Collected data -

+ + + + + + +

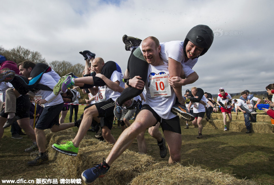 3月8日,英国多尔金,2015英国“背媳妇”障碍赛举行。
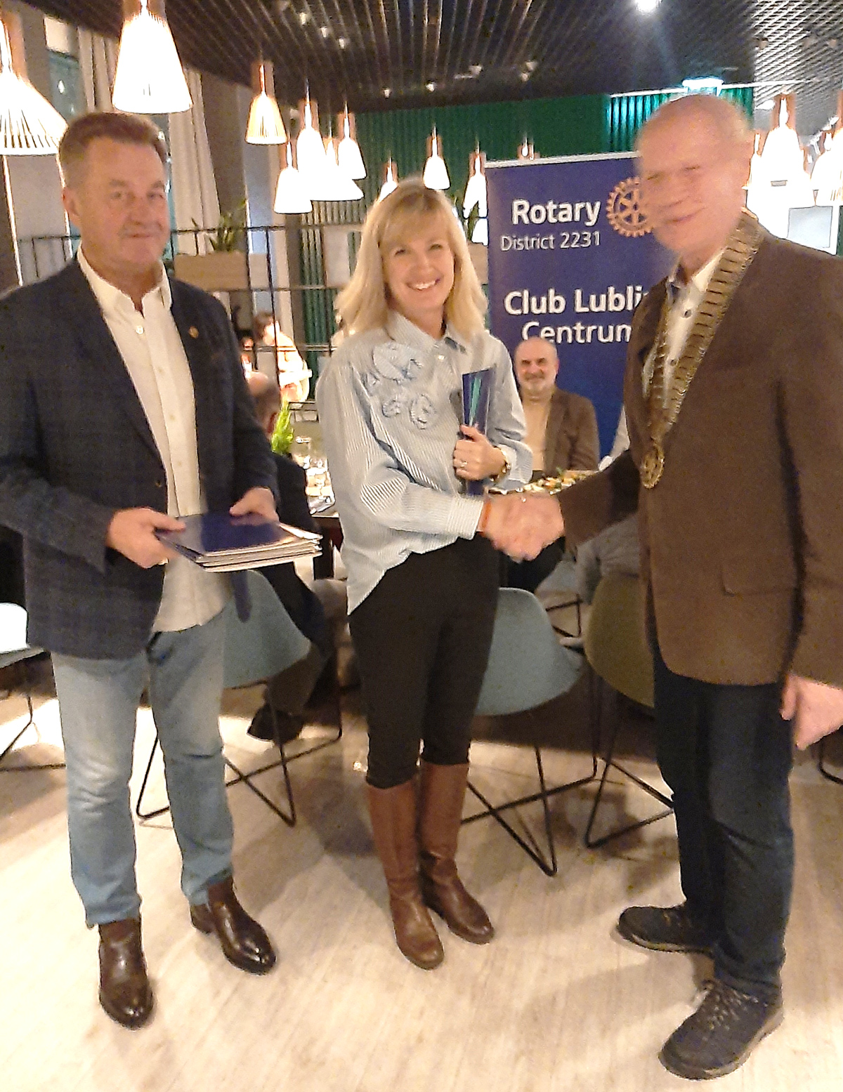 Gospodarzem dzisiejszego zebrania RC Lublin-Centrum była grupa solenizantów imieninowych: Patrycja Wieczorek, Andrzej Banaszkiewicz, Albert Czajka, Andrzej Łoś i Mateo Karczmarczuk, którzy zaprosili Klub na swoje święto. To utarty już zwyczaj w naszej społeczności rotariańskiej. Było niezwykle miło, pogodnie i prawdziwie przyjacielsko, bo spotkanie przedłużyło się do późnych godzin wieczornych. Solenizanci otrzymali pamiątkowe adresy okolicznościowe „The Best Wishes and Thanks” życzeniami. Spotkania takie są niezwykle motywujące do bycia razem i dają dodatkową siłę w wypełnianiu naszej szlachetnej misji czynienia dobra.
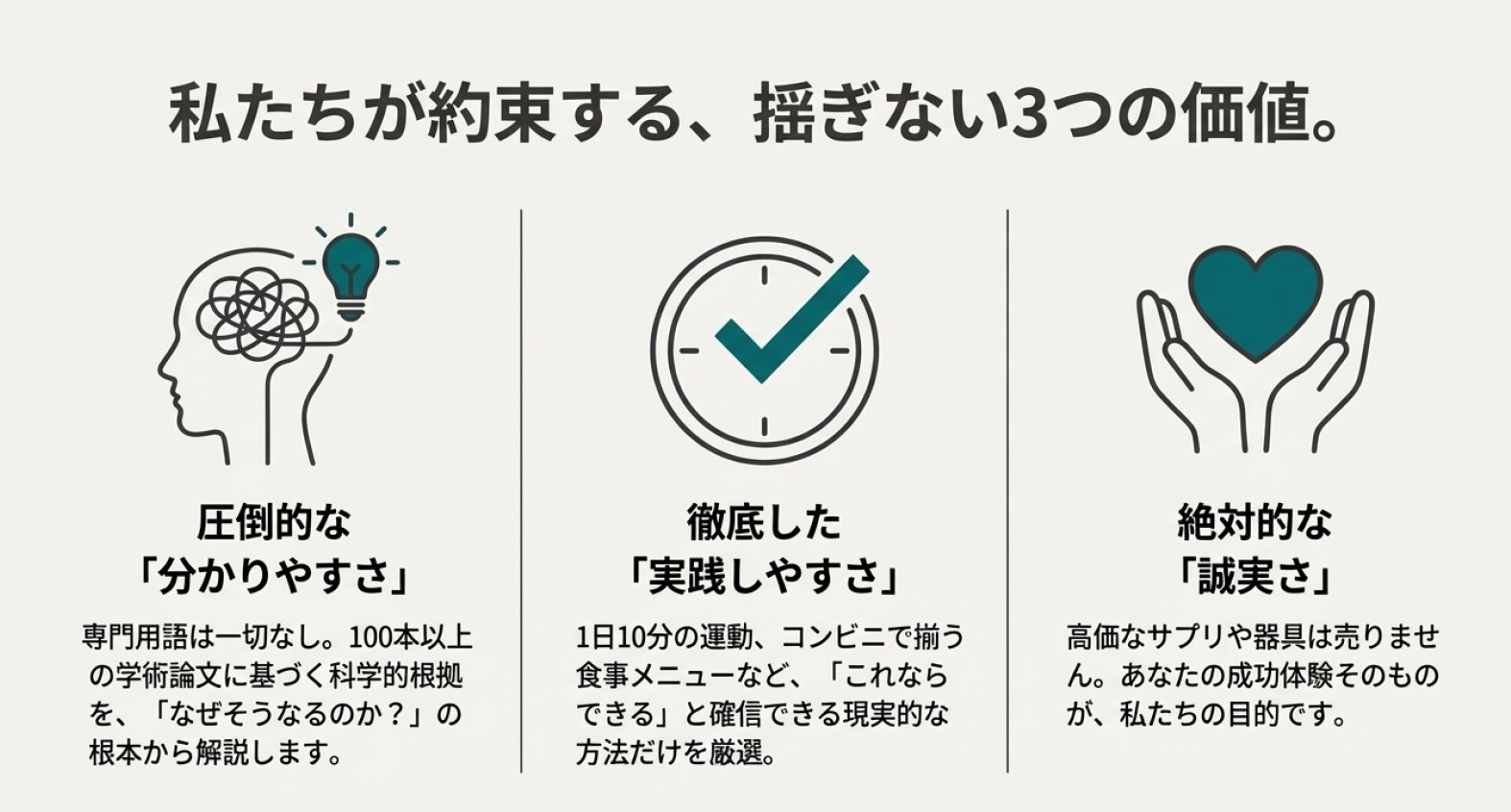 - 【価値3】絶対的な「誠実さ」 私たちは、あなたの不安に真摯に向き合います。高価なサプリメントや器具を売りつけることは決してありません。私たちの目的はあなたの成功体験そのものであり、すべての情報を無料で提供し、公平な視点でのみ発信することを誓います。
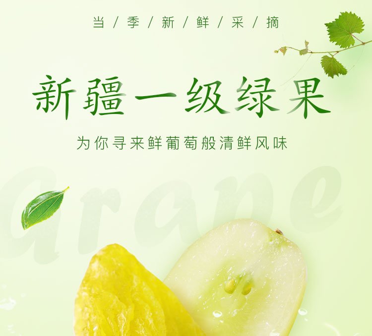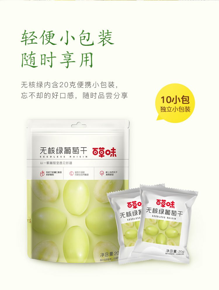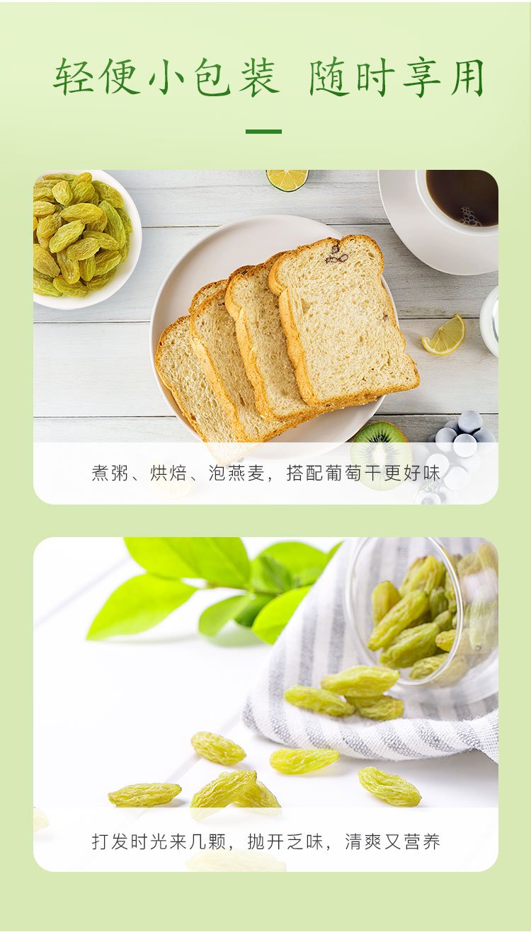 Baicao flavor raisins 200g/bag Xinjiang Turpan specialty candied fruit dried green raisins snack baking

+ + + + + + +

Exercise - Leave the pictures out, and print every line of the listing exactly as written.

Response to this task -
 3月8日,英国多尔金,2015英国“背媳妇”障碍赛举行。
 Gospodarzem dzisiejszego zebrania RC Lublin-Centrum była grupa solenizantów imieninowych: Patrycja Wieczorek, Andrzej Banaszkiewicz, Albert Czajka, Andrzej Łoś i Mateo Karczmarczuk, którzy zaprosili Klub na swoje święto. To utarty już zwyczaj w naszej społeczności rotariańskiej. Było niezwykle miło, pogodnie i prawdziwie przyjacielsko, bo spotkanie przedłużyło się do późnych godzin wieczornych. Solenizanci otrzymali pamiątkowe adresy okolicznościowe „The Best Wishes and Thanks” życzeniami. Spotkania takie są niezwykle motywujące do bycia razem i dają dodatkową siłę w wypełnianiu naszej szlachetnej misji czynienia dobra.
 - 【価値3】絶対的な「誠実さ」 私たちは、あなたの不安に真摯に向き合います。高価なサプリメントや器具を売りつけることは決してありません。私たちの目的はあなたの成功体験そのものであり、すべての情報を無料で提供し、公平な視点でのみ発信することを誓います。
 Baicao flavor raisins 200g/bag Xinjiang Turpan specialty candied fruit dried green raisins snack baking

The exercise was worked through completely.